Автомобиль въехал в один из переулков левобережного Парижа. Показалась светящаяся неоновыми огнями вывеска «Hotel». Переговорив с хозяином, сидевшим за конторкой, сестра со мной и с коридорным поднялась на третий этаж. В номере стояла кровать, а сбоку у стены большое трюмо и рядом кувшин с водой.
Коридорный поднял жалюзи, и за окном в темноте вырисовалась голая стена соседнего дома.
– Как здоровье? – с улыбкой спросил я, когда мы остались одни.
– Parfaite. Я себя прекрасно чувствую. И в письмах вам об этом всегда писала.
– А где ты живешь?
– Разве я не сообщала?… Ко мне все там очень мило относятся, но сейчас я хотела бы говорить не о себе, а в первую очередь послушать, как вы там в Японии.
Она сидела на диванчике с потертой обивкой на подлокотниках, курила сигарету за сигаретой и расспрашивала меня о семье, о моей жене, о том, как продаются мои картины.
Затягиваясь, она то и дело, покашливала, и это начинало меня беспокоить.
– Ну а ты действительно занимаешься сценическим искусством? – спросил я, ответив на все ее вопросы.
– Да, я беру уроки у актера Лебедева. Он по происхождению поляк и часто выступает на сцене театра Мариньи.
Меня раздражало, что она пересыпает японскую речь французскими словечками, но я промолчал.

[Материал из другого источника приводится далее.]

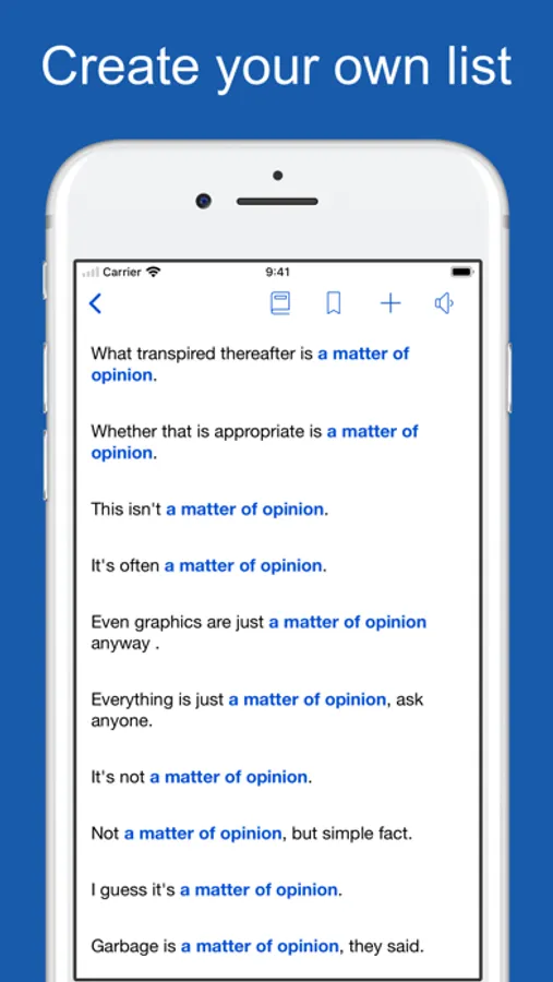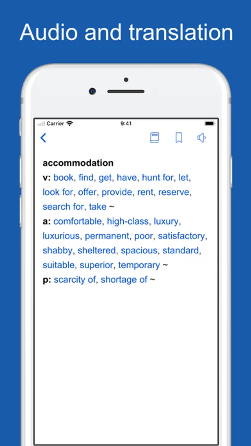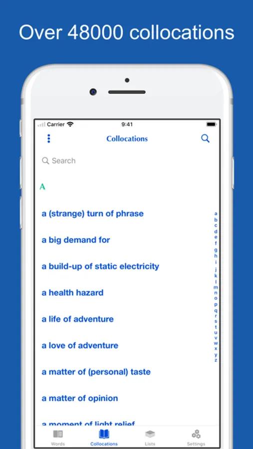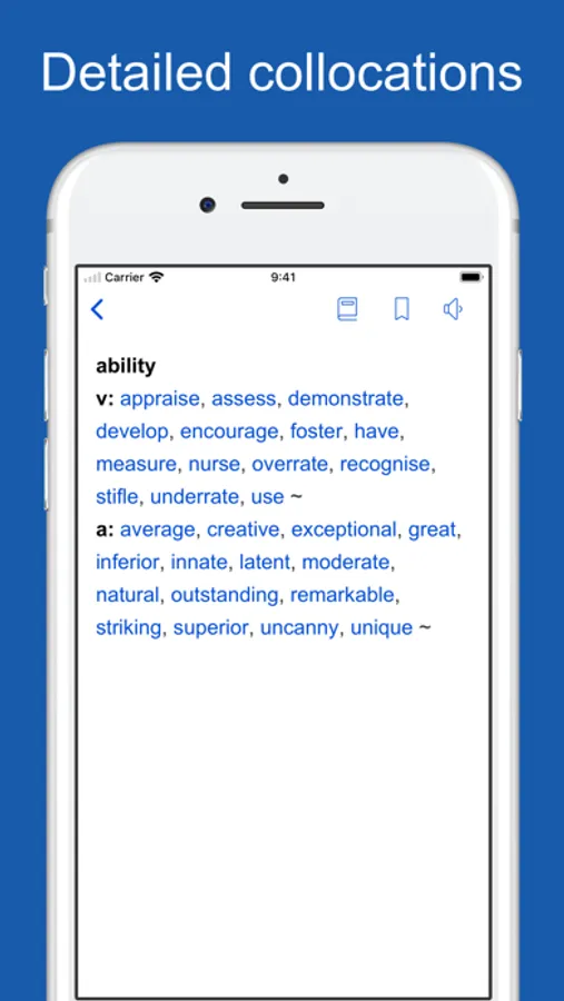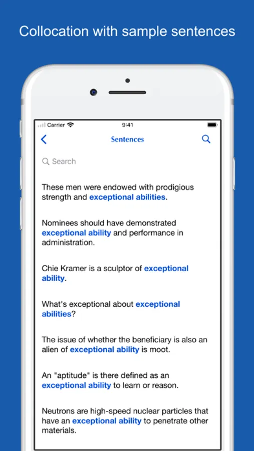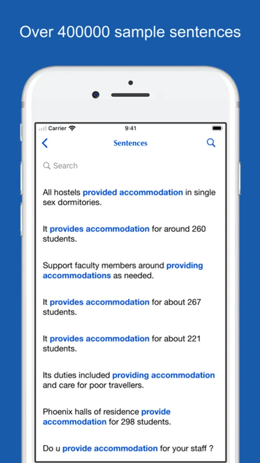 This app provides English collocations with sample sentences. Each collocations come with a number of sample sentences. It will help you how to use a collocation in actual context.

Я передал ей продукты и вещи, которые привез для нее из Японии. Когда она собралась уходить, я спросил, не проводить ли ее до дому, но она отрицательно качнула головой и, сказав, что завтра утром позвонит по. телефону, вышла из комнаты. Я посмотрел ей вслед, тень ее летучей мышью метнулась на лестничной площадке и исчезла внизу.
На следующий день, когда я еще, лежа в постели, пил кофе, раздался телефонный звонок. Сестра сказала, что хотела зайти рано утром, но замешкалась и теперь сможет встретиться со мной только вечером.
Я вспомнил, что днем ей приходится трудиться, чтобы зарабатывать на жизнь, и спросил:
– А где тебя вечером ждать? Может, прийти к тебе на квартиру?
– Нет, – ответила она. – Я сейчас убегаю и оставляю комнату неубранной.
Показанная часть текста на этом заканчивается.